Four methods are provided for iterating over the images in the collection, optionally filtered by keyword values.

For example, to iterate over all of the I band images with exposure of 30 seconds, performing some basic operation on the data (very contrived example):

>>> for hdu in ic1.hdus(imagetyp='LiGhT', filter='R', exposure=15):
...     new_data = hdu.data - hdu.data.mean()
15.0


Note that the names of the arguments to hdus here are the names of FITS keywords in the collection and the values are the values of those keywords you want to select. Note also that string comparisons are not case sensitive.

The other iterators are headers, data, and ccds.

All of them have the option to also provide the file name in addition to the hdu (or header or data):

>>> for hdu, fname in ic1.hdus(return_fname=True,
...                            imagetyp='LiGhT', filter='R', exposure=15):
...    hdu.header['meansub'] = True
...    hdu.data = hdu.data - hdu.data.mean()
...    hdu.writeto(fname + '.new')


That last use case, doing something to several files and saving them somewhere afterwards, is common enough that the iterators provide arguments to automate it.

Automatic saving from the iterators¶

There are three ways of triggering automatic saving.

1. One is with the argument save_with_name; it adds the value of the argument to the file name between the original base name and extension. The example below has (almost) the same effect of the example above, subtracting the mean from each image and saving to a new file:

>>> for hdu in ic1.hdus(save_with_name='_new',
...                     imagetyp='LiGhT', filter='R', exposure=15):
...    hdu.header['meansub'] = True
...    hdu.data = hdu.data - hdu.data.mean()


It saves, in the location of the image collection, a new FITS file with the mean subtracted from the data, with _new added to the name; as an example, if one of the files iterated over was intput001.fit then a new file, in the same directory, called input001_new.fit would be created.

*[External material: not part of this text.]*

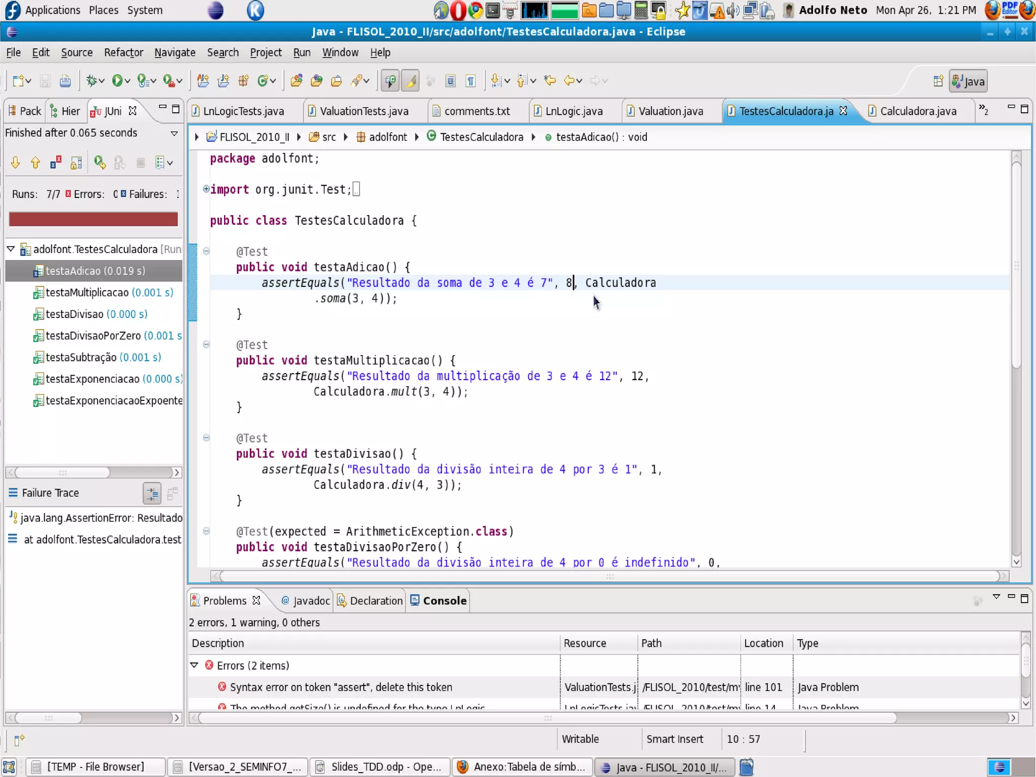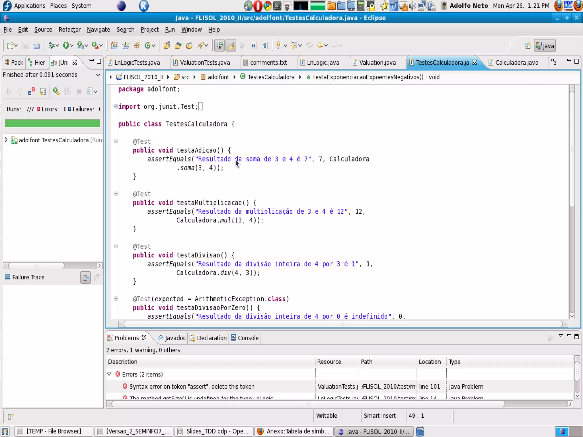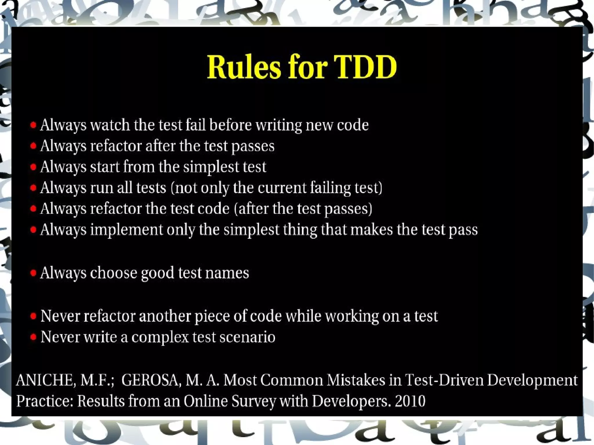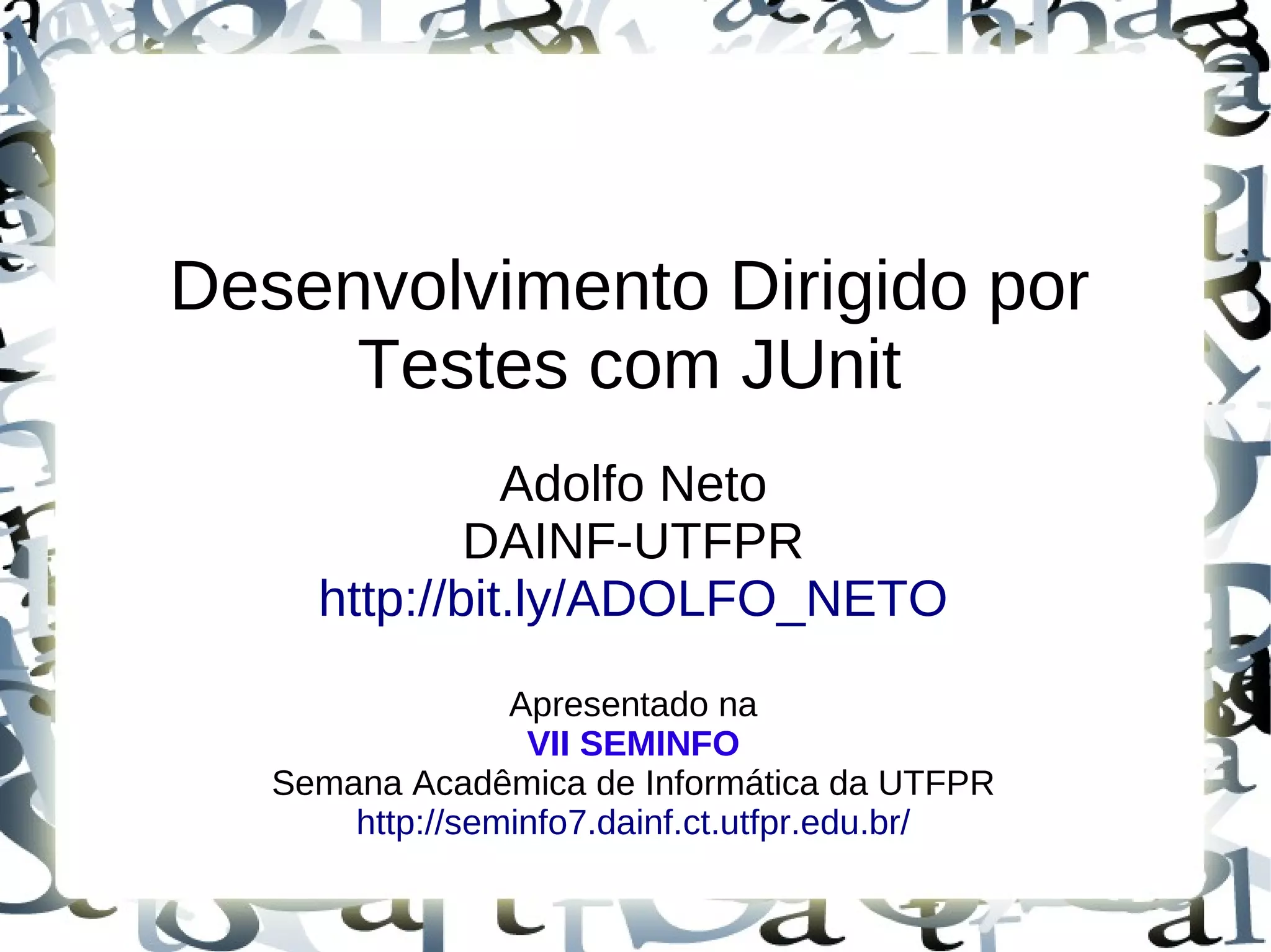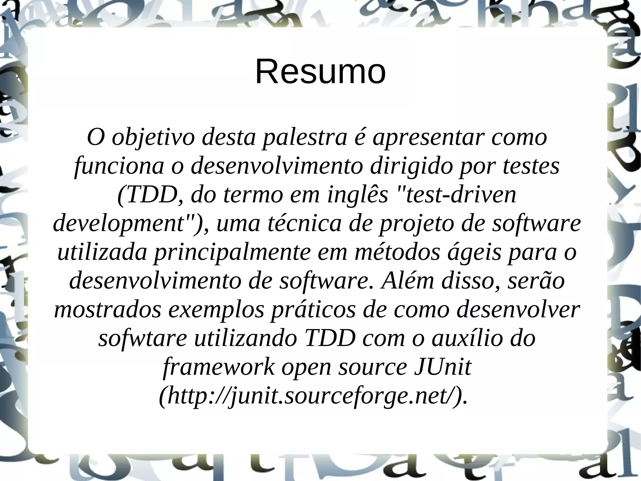 A palestra aborda o desenvolvimento dirigido por testes (TDD), enfatizando sua importância em métodos ágeis para desenvolvimento de software e apresentando exemplos práticos utilizando o framework JUnit. O TDD envolve escrever testes antes do código, permitindo refatoração e melhorias contínuas no design do software. Além disso, discute as concepções errôneas sobre TDD e a sua relação com a qualidade do código.

2. You can also provide the directory to which you want to save the files with save_location; note that you do not need to actually do anything to the hdu (or header or data) to cause the copy to be made. The example below copies all of the I band images with 30 second exposure from the original location to other_dir:

>>> for hdu in ic1.hdus(save_location='other_dir',
...                     imagetyp='LiGhT', filter='I', exposure=30):
...     pass


This option can be combined with the previous one to also give the files a new name.

3. Finally, if you want to live dangerously, you can overwrite the files in the same location with the overwrite argument; use it carefully because it preserves no backup. The example below replaces each of the I band images with 30 second exposure with a file that has had the mean subtracted:

>>> for hdu in ic1.hdus(overwrite=True,
...                     imagetyp='LiGhT', filter='R', exposure=15):
...    hdu.header['meansub'] = True
...    hdu.data = hdu.data - hdu.data.mean()


Note

This functionality is not currently available on Windows.